*PROBLEM TO SOLVE:*
Could you return the data that follows exactly, minus the images?

== DATASET SECTION

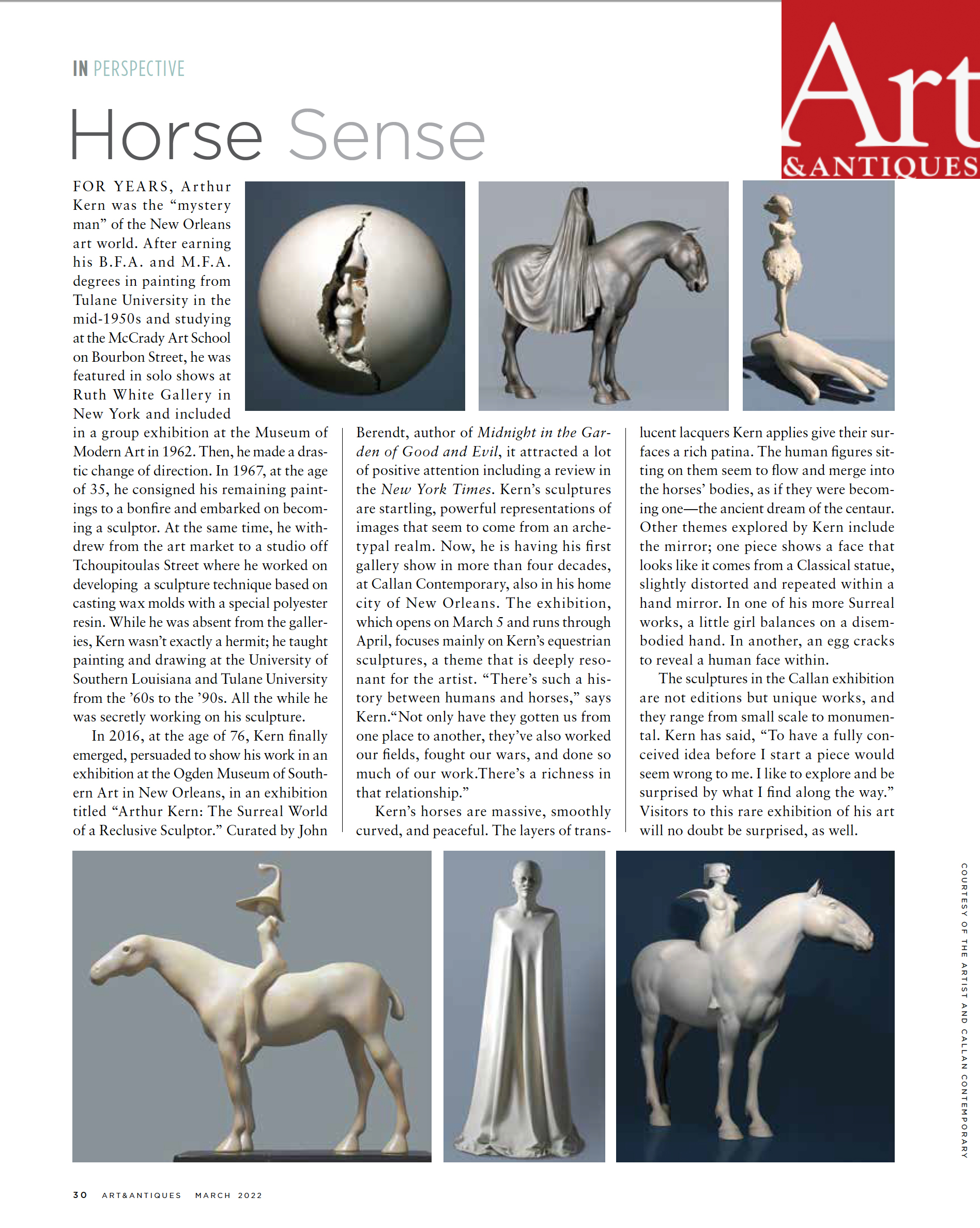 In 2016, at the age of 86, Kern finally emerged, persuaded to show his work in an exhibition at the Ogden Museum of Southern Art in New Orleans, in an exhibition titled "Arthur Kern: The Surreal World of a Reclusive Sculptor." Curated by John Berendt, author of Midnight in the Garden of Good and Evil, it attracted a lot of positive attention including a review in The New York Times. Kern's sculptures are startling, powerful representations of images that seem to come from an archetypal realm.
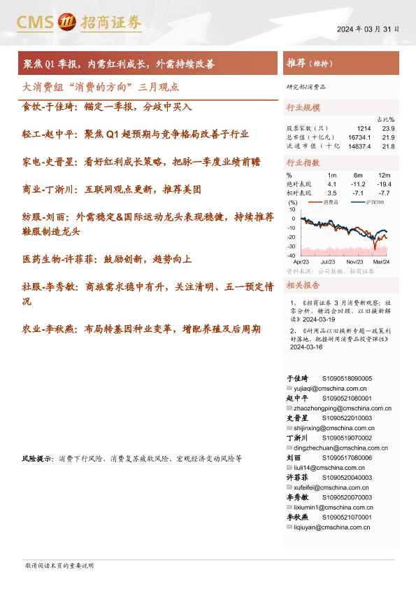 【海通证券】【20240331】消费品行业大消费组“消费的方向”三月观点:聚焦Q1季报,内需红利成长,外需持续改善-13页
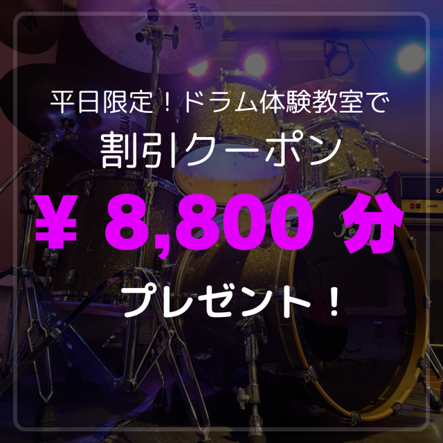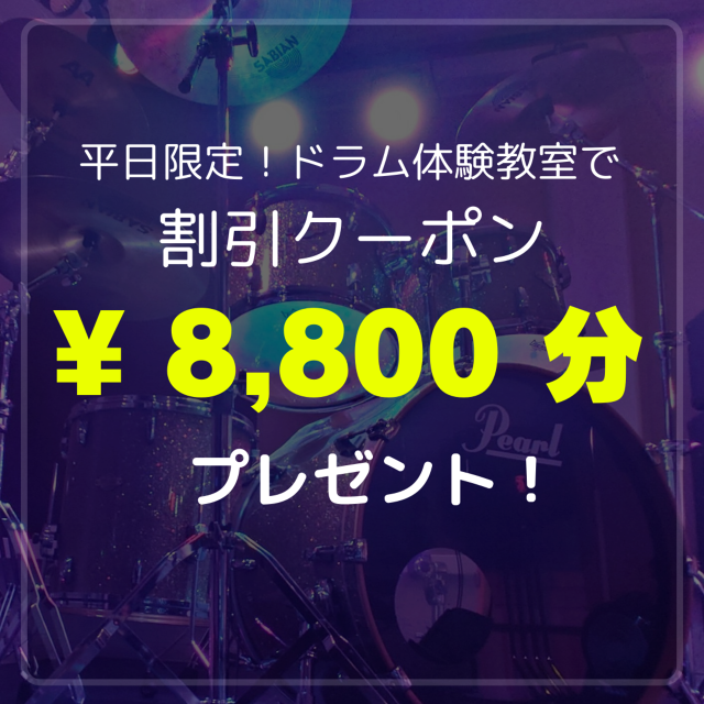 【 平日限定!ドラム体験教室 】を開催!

====

*RESPONSE BOX:*
 In 2016, at the age of 86, Kern finally emerged, persuaded to show his work in an exhibition at the Ogden Museum of Southern Art in New Orleans, in an exhibition titled "Arthur Kern: The Surreal World of a Reclusive Sculptor." Curated by John Berendt, author of Midnight in the Garden of Good and Evil, it attracted a lot of positive attention including a review in The New York Times. Kern's sculptures are startling, powerful representations of images that seem to come from an archetypal realm.
 【海通证券】【20240331】消费品行业大消费组“消费的方向”三月观点:聚焦Q1季报,内需红利成长,外需持续改善-13页
 【 平日限定!ドラム体験教室 】を開催!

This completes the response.